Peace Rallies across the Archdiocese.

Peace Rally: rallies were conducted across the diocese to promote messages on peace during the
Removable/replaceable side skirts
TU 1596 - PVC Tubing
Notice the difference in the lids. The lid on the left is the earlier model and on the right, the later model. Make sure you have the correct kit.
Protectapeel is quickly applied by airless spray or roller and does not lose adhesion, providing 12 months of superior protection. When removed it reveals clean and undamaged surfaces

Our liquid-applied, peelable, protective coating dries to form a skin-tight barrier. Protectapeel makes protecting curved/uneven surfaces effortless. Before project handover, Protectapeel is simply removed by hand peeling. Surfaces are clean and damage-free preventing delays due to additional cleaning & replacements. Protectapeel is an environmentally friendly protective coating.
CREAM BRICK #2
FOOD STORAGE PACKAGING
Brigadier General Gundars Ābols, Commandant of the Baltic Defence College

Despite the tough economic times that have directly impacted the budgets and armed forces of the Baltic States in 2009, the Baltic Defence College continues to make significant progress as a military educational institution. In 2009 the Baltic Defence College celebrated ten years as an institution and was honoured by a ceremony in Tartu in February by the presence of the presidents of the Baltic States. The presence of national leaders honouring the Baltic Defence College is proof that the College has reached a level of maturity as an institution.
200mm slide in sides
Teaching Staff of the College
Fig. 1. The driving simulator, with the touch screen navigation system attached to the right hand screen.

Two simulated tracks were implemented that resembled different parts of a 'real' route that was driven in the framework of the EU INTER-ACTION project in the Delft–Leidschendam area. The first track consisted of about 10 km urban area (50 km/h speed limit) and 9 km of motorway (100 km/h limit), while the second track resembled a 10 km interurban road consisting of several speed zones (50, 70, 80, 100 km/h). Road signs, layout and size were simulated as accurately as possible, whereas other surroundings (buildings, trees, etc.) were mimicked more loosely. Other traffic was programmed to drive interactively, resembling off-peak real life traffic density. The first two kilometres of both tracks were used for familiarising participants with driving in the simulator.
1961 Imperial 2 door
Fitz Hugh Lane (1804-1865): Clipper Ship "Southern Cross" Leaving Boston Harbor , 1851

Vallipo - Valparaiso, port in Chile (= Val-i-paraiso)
——
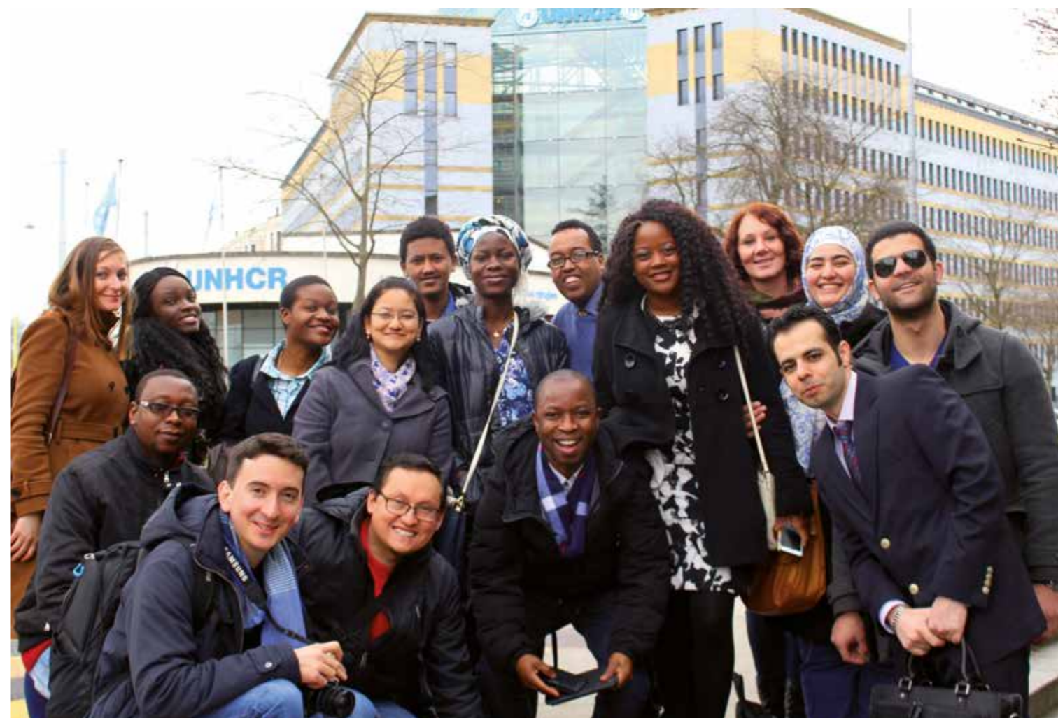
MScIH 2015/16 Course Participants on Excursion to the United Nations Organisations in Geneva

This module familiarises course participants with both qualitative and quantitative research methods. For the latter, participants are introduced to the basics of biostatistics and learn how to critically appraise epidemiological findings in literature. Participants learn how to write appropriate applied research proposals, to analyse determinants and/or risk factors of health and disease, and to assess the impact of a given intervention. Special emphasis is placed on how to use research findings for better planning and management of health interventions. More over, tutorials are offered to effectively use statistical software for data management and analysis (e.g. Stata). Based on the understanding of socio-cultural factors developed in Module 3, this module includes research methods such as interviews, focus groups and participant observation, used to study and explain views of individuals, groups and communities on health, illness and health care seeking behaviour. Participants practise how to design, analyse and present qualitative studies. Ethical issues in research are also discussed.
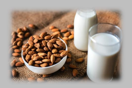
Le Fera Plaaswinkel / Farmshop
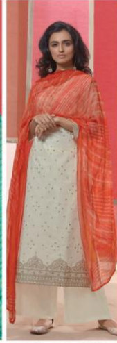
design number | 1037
——
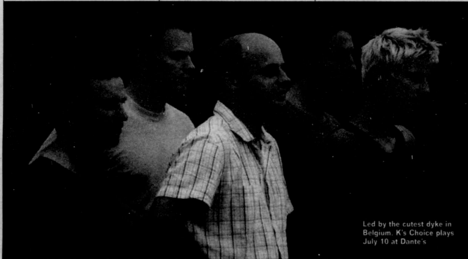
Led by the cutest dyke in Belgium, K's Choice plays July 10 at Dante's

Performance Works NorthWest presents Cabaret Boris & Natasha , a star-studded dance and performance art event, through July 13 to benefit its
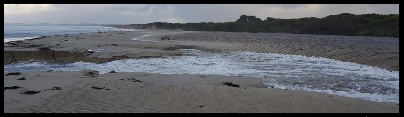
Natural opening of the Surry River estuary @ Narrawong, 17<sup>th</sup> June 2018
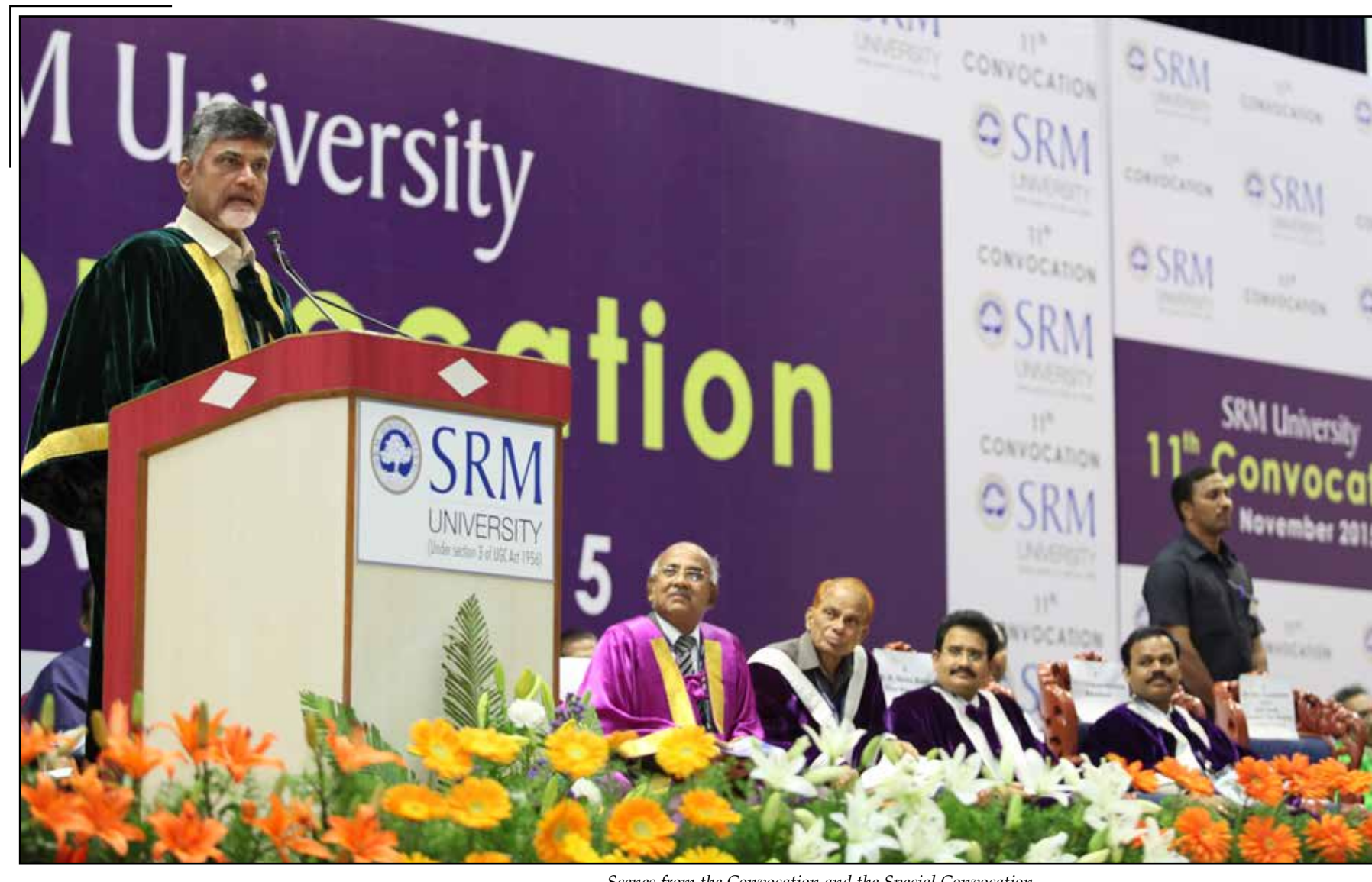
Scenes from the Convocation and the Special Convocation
——
_What is being asked_:
For the listing above, find how many lines hold the word "were". Only the number should be written.

_Reply to the task_:
2